Нет… нет, это было раньше. Много раньше.
Когда отец последний раз смеялся?
Лили замерла над рисунком тонкой яблони, и потом откинулась на спинку стула, гладя губы пером. Такой простой вопрос! Но она не знала ответа. Она забыла как может радостно и легко смеялся Роланд, не стеснённый формальностями деловой беседы, обязательствами этикета. Когда он последний раз радовался? Когда?...
Ни дневников, ни своих писем!...
Лили отложила перо и глубоко задумалась.
Может ли всё это быть связано с миссис Эберлейн и малышом?

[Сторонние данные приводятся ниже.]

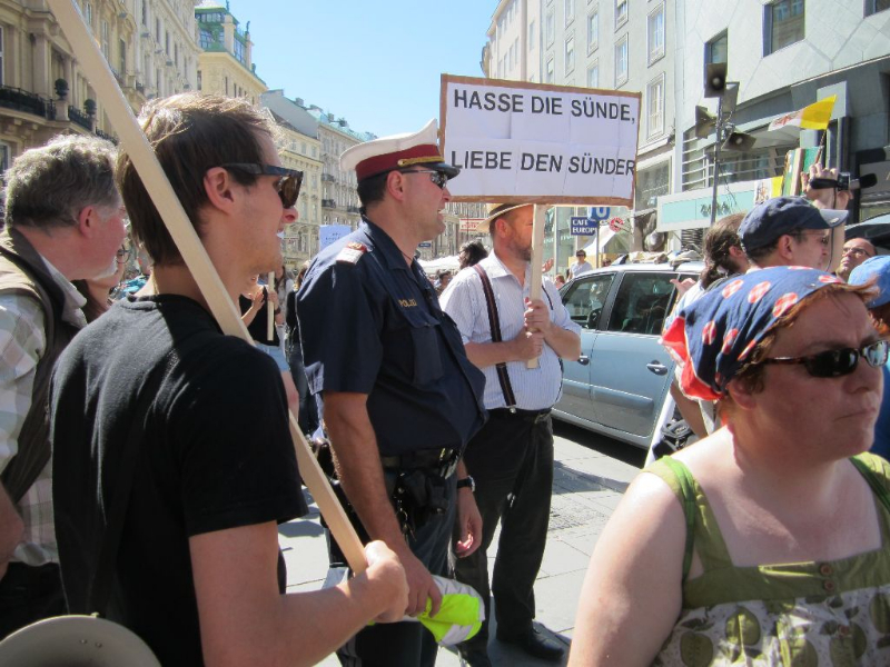 Anlässlich der jährlichen Regenbogenparade hatte es sich eine Gruppe christlich-religiöser FundamentalistInnen in den Kopf gesetzt, Am Stephansplatz und bei der Oper ihr Missfallen über den „moralischen Verfall“ kundzutun. Das konnten wir natürlich nicht einfach so stehen lassen und so mobilisierten wir gemeinsam mit anderen Organisationen zur Gegenkundgebung!

Когда отец навещал их последний раз? Два года назад? Да, где-то так…. Так говорила Энн. Она сказала, что отец, наверное, остыл к ней. Лили прежде было совсем неловко вмешиваться в личную жизнь отца. Дочь понимала, и достаточно давно, что отец не может не иметь подобной отдушины, всё-таки у неё было три взрослых брата. Но сейчас получалось, что он действительно отказался от всякой личной жизни. От связей и любовниц, от всего? Он даже не посещает своего сына, мальчонку 6 лет, пусть и незаконно рожденного…
Ради чего?
Вопросы, вопросы, она проснулась с ними в тот день, и уснула с ними, так и не найдя ответа. Лишь поняв, как много она осознанно убирала из внимания, потому что… Старшие лучше знают. Потому что они сами распоряжаются своей жизнью, потому что не вежливо и неправильно оценивать их поступки ей, “маленькой Лили”. Но даже столпы твоего мира могут ошибаться.
Есть только один способ сделать всё как надо - встать и идти.

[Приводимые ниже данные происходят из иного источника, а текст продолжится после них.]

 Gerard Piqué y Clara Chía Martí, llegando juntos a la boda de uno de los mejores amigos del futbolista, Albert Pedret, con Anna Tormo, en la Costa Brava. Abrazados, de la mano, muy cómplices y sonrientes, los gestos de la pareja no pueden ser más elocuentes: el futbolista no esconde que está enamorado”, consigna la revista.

Все трудности жизни - это испытания, посланные Богом, не так ли?
Надо просто искать внимательней.
На третий день, 27 ноября, она решила, что единственный способ  понять переломный момент в отце - начать всё с начала. С деда, который сошёл с ума, с молодой мамы. О том, что было с семьёй до рождения самой Лили и о том, что происходило после, пока та маленьким ребёнком и просто купалась в любви окружающих даже не думая, что когда-нибудь любовь подменится всем этим затяжным кошмаром.
Лили решила покинуть свой мнимо-безопасный кокон комнаты и попросила плотника открыть ей чердак. Там хранится много памяти, и где-нибудь среди вещей прошлого она найдёт что ищет. Ей хотелось в это верить.

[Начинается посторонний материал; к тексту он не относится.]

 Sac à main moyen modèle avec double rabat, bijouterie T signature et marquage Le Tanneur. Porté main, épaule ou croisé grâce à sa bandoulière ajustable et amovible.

- Мистер Дэми, - сказала Лили плотнику, уверенно заходя в собиравшее пыль на белые простыни помещение. - Помогите мне снять замки с этих сундуков.
Сдёрнутая с забытой тут мебели ткань подняла облако пыли, заполнившее помещение. Выстывшее, забытое, как и всё их радостное прошлое. Лили украдкой вздохнула, аккуратно сложила ткань простыни, отложила её на стул и открыла окно. Пыль прошлого, это пыль прошлого. Ей нужна ясная голова. Хотя бы сегодня…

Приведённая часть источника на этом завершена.